## WHAT YOU SHOULD DO
Exact copy, no pictures: restate each entry below word for word.

## Source records

+ + + + + + +

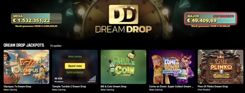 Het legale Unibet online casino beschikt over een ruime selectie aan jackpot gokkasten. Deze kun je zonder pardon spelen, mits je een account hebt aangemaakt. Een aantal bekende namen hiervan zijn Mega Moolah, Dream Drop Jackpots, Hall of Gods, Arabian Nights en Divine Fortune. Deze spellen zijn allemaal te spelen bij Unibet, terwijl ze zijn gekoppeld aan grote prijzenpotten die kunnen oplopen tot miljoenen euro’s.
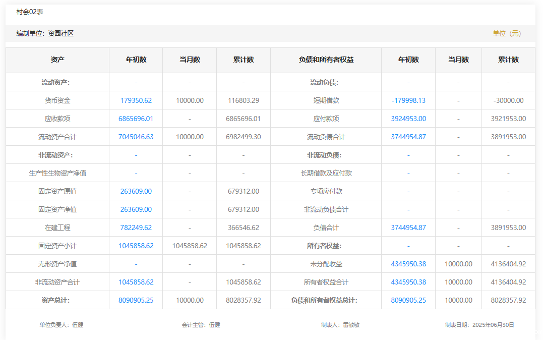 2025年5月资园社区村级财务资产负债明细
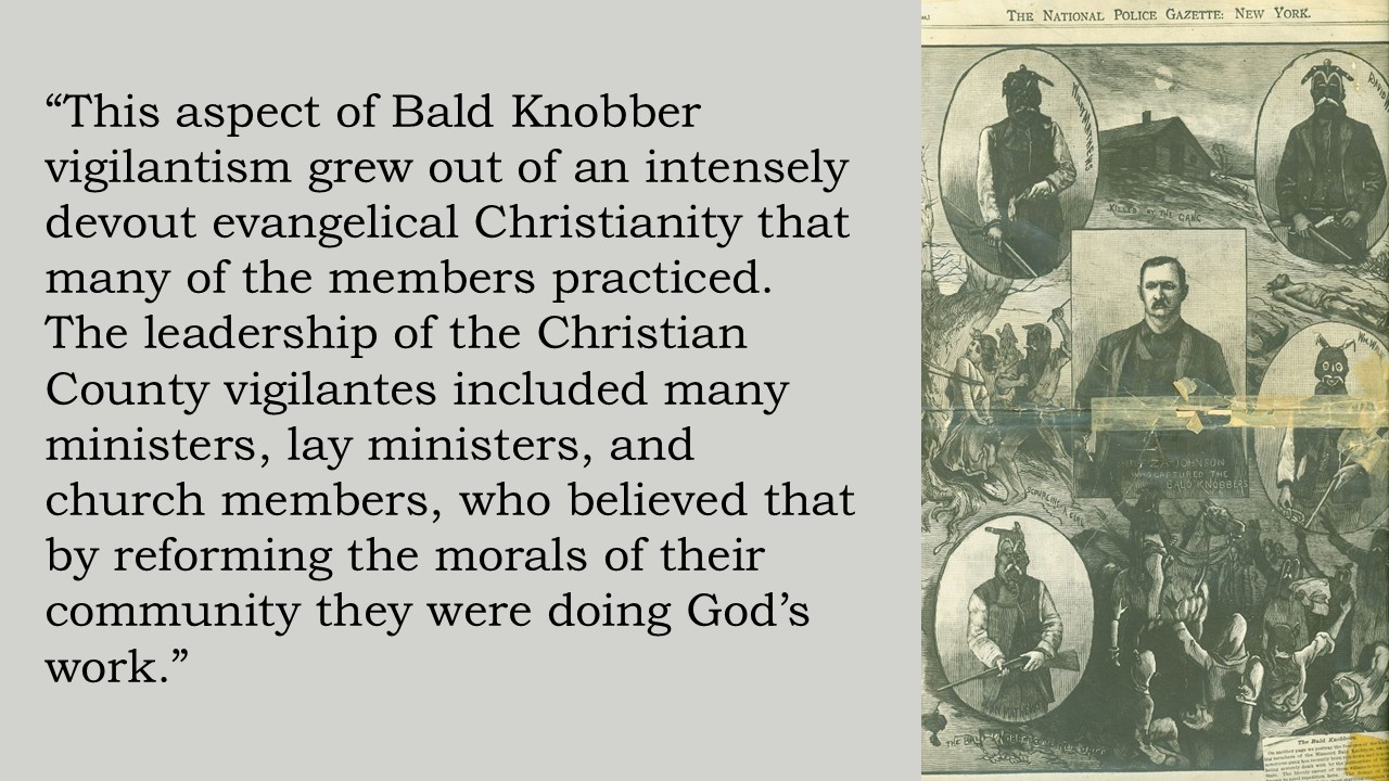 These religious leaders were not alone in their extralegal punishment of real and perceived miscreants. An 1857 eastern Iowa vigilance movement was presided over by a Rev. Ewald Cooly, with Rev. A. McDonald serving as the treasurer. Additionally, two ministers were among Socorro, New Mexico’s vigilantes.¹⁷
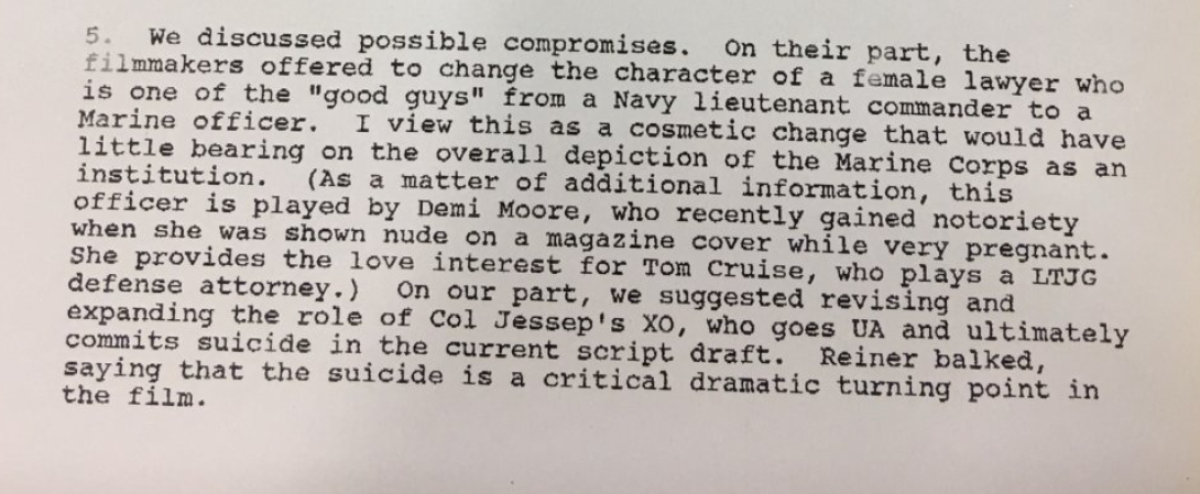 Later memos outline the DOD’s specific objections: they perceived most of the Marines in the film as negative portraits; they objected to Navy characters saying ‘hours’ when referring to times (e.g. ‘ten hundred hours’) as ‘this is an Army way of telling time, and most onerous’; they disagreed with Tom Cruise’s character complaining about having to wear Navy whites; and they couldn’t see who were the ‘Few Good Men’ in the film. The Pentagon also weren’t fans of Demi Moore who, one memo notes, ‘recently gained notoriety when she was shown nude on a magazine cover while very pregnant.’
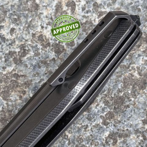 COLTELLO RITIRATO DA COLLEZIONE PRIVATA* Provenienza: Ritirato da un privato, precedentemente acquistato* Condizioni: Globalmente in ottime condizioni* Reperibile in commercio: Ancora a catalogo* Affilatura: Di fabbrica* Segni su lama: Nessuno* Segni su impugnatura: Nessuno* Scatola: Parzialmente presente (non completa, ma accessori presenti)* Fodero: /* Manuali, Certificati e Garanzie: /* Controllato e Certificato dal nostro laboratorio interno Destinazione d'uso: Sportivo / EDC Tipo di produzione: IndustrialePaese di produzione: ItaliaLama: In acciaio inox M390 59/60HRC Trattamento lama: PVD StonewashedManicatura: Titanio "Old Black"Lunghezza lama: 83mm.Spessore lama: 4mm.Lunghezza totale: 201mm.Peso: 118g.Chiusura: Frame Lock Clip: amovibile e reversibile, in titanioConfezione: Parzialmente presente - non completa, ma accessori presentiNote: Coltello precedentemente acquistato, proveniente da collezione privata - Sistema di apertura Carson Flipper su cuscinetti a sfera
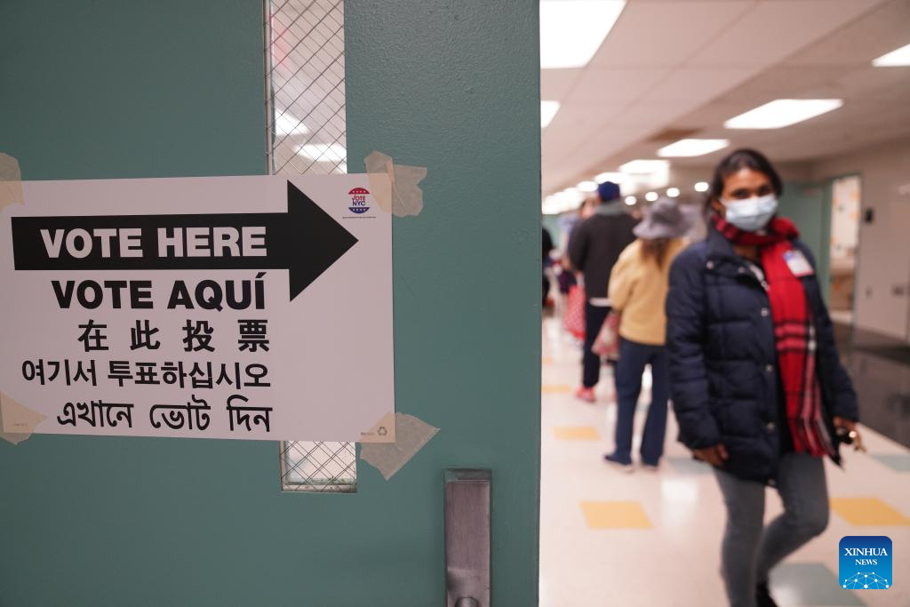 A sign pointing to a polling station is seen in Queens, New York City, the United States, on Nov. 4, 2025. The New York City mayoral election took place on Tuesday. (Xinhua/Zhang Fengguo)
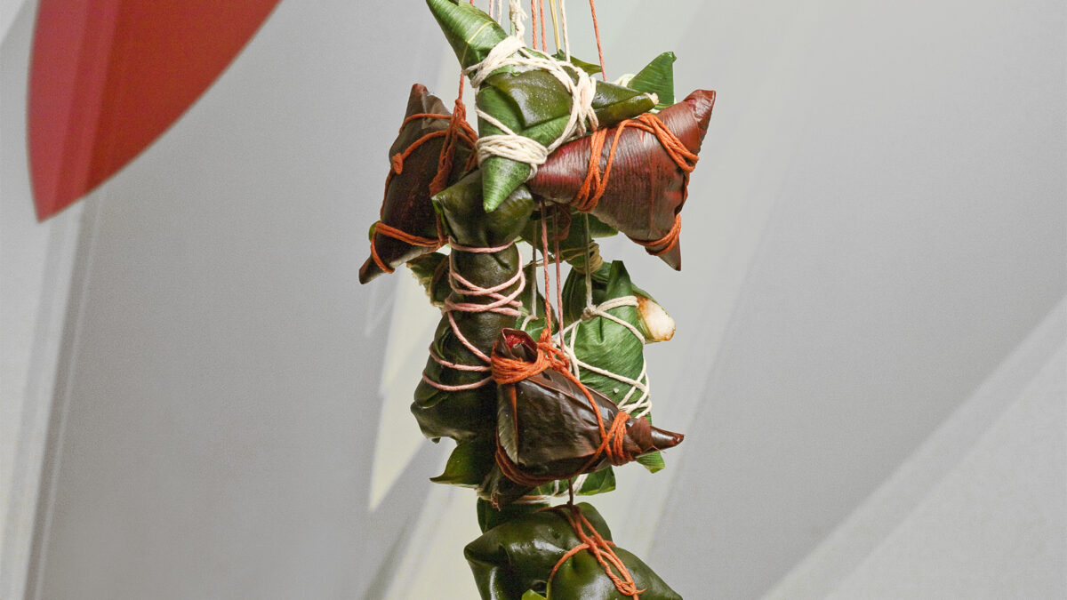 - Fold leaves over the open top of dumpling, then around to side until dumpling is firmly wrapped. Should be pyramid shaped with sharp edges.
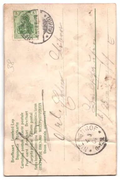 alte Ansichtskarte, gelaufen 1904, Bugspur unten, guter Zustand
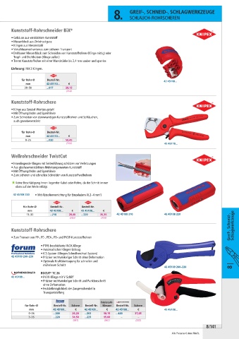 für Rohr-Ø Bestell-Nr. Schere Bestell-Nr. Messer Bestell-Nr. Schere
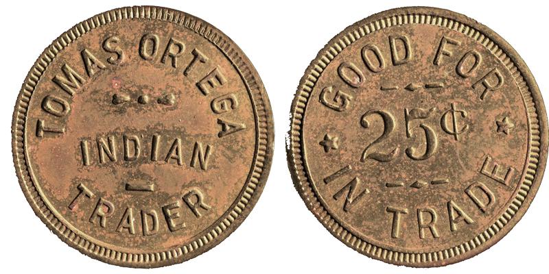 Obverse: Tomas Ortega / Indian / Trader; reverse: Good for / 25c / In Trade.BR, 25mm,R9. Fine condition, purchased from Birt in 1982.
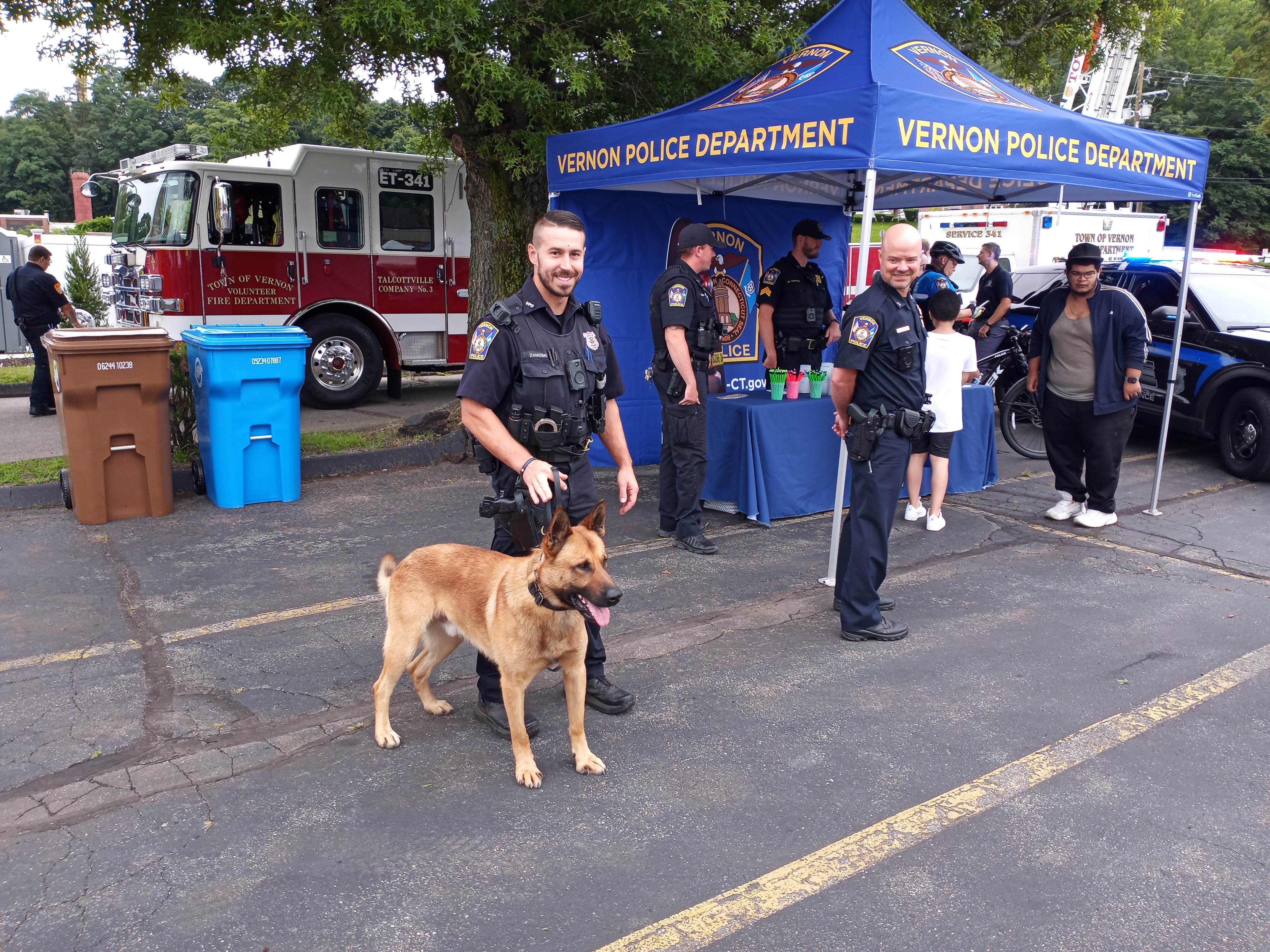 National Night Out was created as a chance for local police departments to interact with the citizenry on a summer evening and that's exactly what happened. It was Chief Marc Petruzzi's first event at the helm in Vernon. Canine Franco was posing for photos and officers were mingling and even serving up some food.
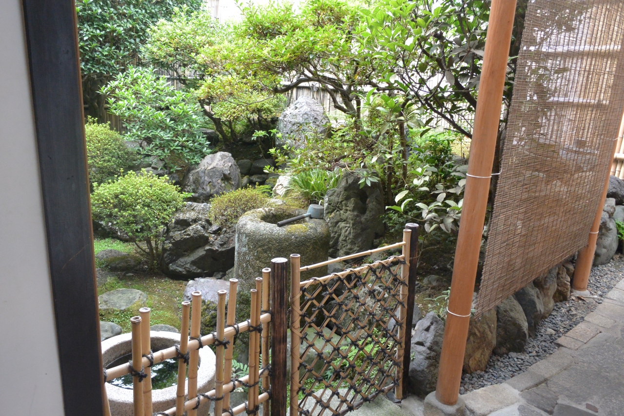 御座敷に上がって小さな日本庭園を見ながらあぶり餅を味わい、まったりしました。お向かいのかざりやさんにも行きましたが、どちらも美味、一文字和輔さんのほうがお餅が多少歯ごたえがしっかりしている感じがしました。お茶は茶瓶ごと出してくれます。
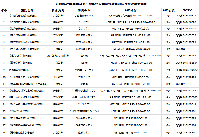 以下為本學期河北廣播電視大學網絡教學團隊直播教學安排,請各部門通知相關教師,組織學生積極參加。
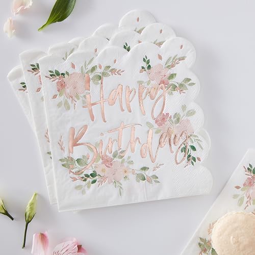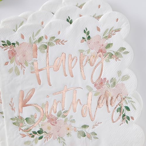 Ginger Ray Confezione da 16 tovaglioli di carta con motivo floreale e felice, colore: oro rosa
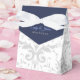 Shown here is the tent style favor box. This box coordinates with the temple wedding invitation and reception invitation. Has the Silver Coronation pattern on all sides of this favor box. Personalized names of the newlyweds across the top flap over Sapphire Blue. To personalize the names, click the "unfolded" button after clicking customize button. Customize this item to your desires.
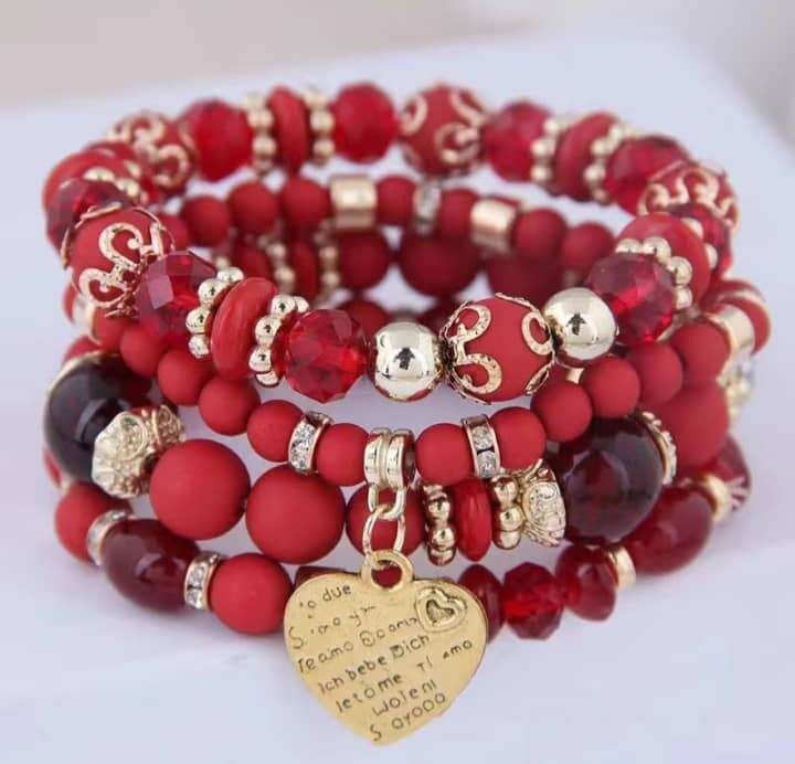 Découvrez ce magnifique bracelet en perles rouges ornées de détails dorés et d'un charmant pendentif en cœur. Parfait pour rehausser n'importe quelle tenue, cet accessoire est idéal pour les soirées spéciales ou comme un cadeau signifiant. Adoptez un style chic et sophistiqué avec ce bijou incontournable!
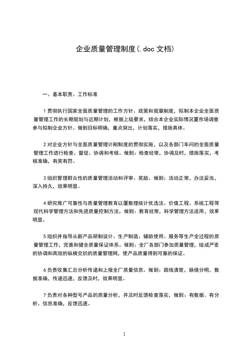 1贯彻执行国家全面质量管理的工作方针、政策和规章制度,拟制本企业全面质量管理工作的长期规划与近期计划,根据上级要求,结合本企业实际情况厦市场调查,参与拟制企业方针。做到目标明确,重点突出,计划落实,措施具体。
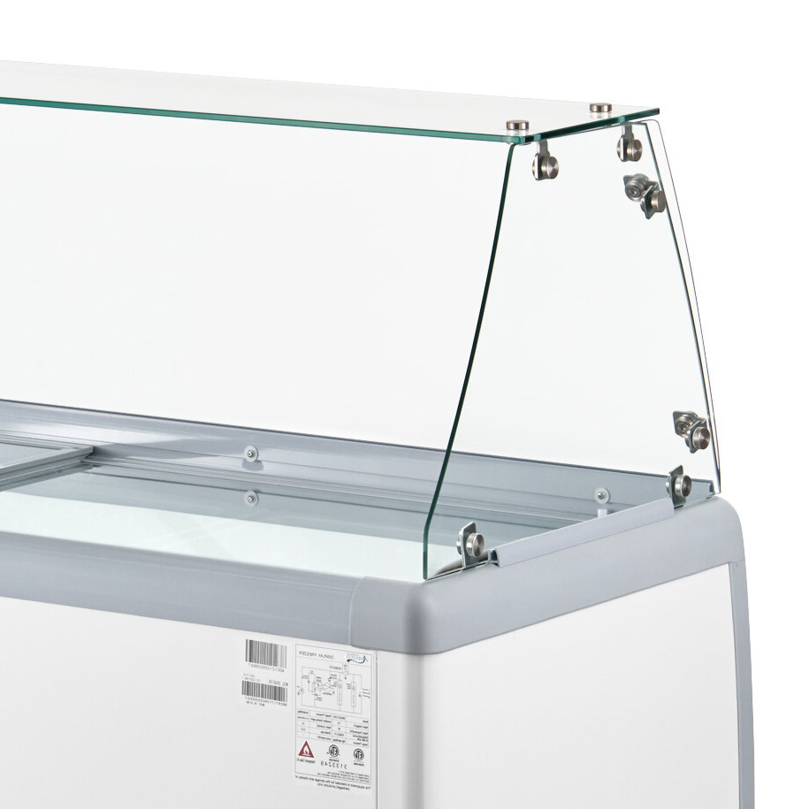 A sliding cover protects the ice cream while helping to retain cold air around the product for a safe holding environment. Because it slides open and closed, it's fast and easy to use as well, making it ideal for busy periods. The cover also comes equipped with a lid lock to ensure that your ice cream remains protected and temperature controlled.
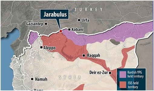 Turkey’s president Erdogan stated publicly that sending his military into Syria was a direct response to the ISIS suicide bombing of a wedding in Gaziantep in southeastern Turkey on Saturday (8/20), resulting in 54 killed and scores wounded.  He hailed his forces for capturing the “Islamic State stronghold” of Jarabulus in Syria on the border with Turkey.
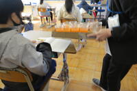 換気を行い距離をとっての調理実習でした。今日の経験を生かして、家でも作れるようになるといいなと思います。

+ + + + + + +

## REPLY
 Het legale Unibet online casino beschikt over een ruime selectie aan jackpot gokkasten. Deze kun je zonder pardon spelen, mits je een account hebt aangemaakt. Een aantal bekende namen hiervan zijn Mega Moolah, Dream Drop Jackpots, Hall of Gods, Arabian Nights en Divine Fortune. Deze spellen zijn allemaal te spelen bij Unibet, terwijl ze zijn gekoppeld aan grote prijzenpotten die kunnen oplopen tot miljoenen euro’s.
 2025年5月资园社区村级财务资产负债明细
 These religious leaders were not alone in their extralegal punishment of real and perceived miscreants. An 1857 eastern Iowa vigilance movement was presided over by a Rev. Ewald Cooly, with Rev. A. McDonald serving as the treasurer. Additionally, two ministers were among Socorro, New Mexico’s vigilantes.¹⁷
 Later memos outline the DOD’s specific objections: they perceived most of the Marines in the film as negative portraits; they objected to Navy characters saying ‘hours’ when referring to times (e.g. ‘ten hundred hours’) as ‘this is an Army way of telling time, and most onerous’; they disagreed with Tom Cruise’s character complaining about having to wear Navy whites; and they couldn’t see who were the ‘Few Good Men’ in the film. The Pentagon also weren’t fans of Demi Moore who, one memo notes, ‘recently gained notoriety when she was shown nude on a magazine cover while very pregnant.’
 COLTELLO RITIRATO DA COLLEZIONE PRIVATA* Provenienza: Ritirato da un privato, precedentemente acquistato* Condizioni: Globalmente in ottime condizioni* Reperibile in commercio: Ancora a catalogo* Affilatura: Di fabbrica* Segni su lama: Nessuno* Segni su impugnatura: Nessuno* Scatola: Parzialmente presente (non completa, ma accessori presenti)* Fodero: /* Manuali, Certificati e Garanzie: /* Controllato e Certificato dal nostro laboratorio interno Destinazione d'uso: Sportivo / EDC Tipo di produzione: IndustrialePaese di produzione: ItaliaLama: In acciaio inox M390 59/60HRC Trattamento lama: PVD StonewashedManicatura: Titanio "Old Black"Lunghezza lama: 83mm.Spessore lama: 4mm.Lunghezza totale: 201mm.Peso: 118g.Chiusura: Frame Lock Clip: amovibile e reversibile, in titanioConfezione: Parzialmente presente - non completa, ma accessori presentiNote: Coltello precedentemente acquistato, proveniente da collezione privata - Sistema di apertura Carson Flipper su cuscinetti a sfera
 A sign pointing to a polling station is seen in Queens, New York City, the United States, on Nov. 4, 2025. The New York City mayoral election took place on Tuesday. (Xinhua/Zhang Fengguo)
 - Fold leaves over the open top of dumpling, then around to side until dumpling is firmly wrapped. Should be pyramid shaped with sharp edges.
 alte Ansichtskarte, gelaufen 1904, Bugspur unten, guter Zustand
 für Rohr-Ø Bestell-Nr. Schere Bestell-Nr. Messer Bestell-Nr. Schere
 Obverse: Tomas Ortega / Indian / Trader; reverse: Good for / 25c / In Trade.BR, 25mm,R9. Fine condition, purchased from Birt in 1982.
 National Night Out was created as a chance for local police departments to interact with the citizenry on a summer evening and that's exactly what happened. It was Chief Marc Petruzzi's first event at the helm in Vernon. Canine Franco was posing for photos and officers were mingling and even serving up some food.
 御座敷に上がって小さな日本庭園を見ながらあぶり餅を味わい、まったりしました。お向かいのかざりやさんにも行きましたが、どちらも美味、一文字和輔さんのほうがお餅が多少歯ごたえがしっかりしている感じがしました。お茶は茶瓶ごと出してくれます。
 以下為本學期河北廣播電視大學網絡教學團隊直播教學安排,請各部門通知相關教師,組織學生積極參加。
 Ginger Ray Confezione da 16 tovaglioli di carta con motivo floreale e felice, colore: oro rosa
 Shown here is the tent style favor box. This box coordinates with the temple wedding invitation and reception invitation. Has the Silver Coronation pattern on all sides of this favor box. Personalized names of the newlyweds across the top flap over Sapphire Blue. To personalize the names, click the "unfolded" button after clicking customize button. Customize this item to your desires.
 Découvrez ce magnifique bracelet en perles rouges ornées de détails dorés et d'un charmant pendentif en cœur. Parfait pour rehausser n'importe quelle tenue, cet accessoire est idéal pour les soirées spéciales ou comme un cadeau signifiant. Adoptez un style chic et sophistiqué avec ce bijou incontournable!
 1贯彻执行国家全面质量管理的工作方针、政策和规章制度,拟制本企业全面质量管理工作的长期规划与近期计划,根据上级要求,结合本企业实际情况厦市场调查,参与拟制企业方针。做到目标明确,重点突出,计划落实,措施具体。
 A sliding cover protects the ice cream while helping to retain cold air around the product for a safe holding environment. Because it slides open and closed, it's fast and easy to use as well, making it ideal for busy periods. The cover also comes equipped with a lid lock to ensure that your ice cream remains protected and temperature controlled.
 Turkey’s president Erdogan stated publicly that sending his military into Syria was a direct response to the ISIS suicide bombing of a wedding in Gaziantep in southeastern Turkey on Saturday (8/20), resulting in 54 killed and scores wounded.  He hailed his forces for capturing the “Islamic State stronghold” of Jarabulus in Syria on the border with Turkey.
 換気を行い距離をとっての調理実習でした。今日の経験を生かして、家でも作れるようになるといいなと思います。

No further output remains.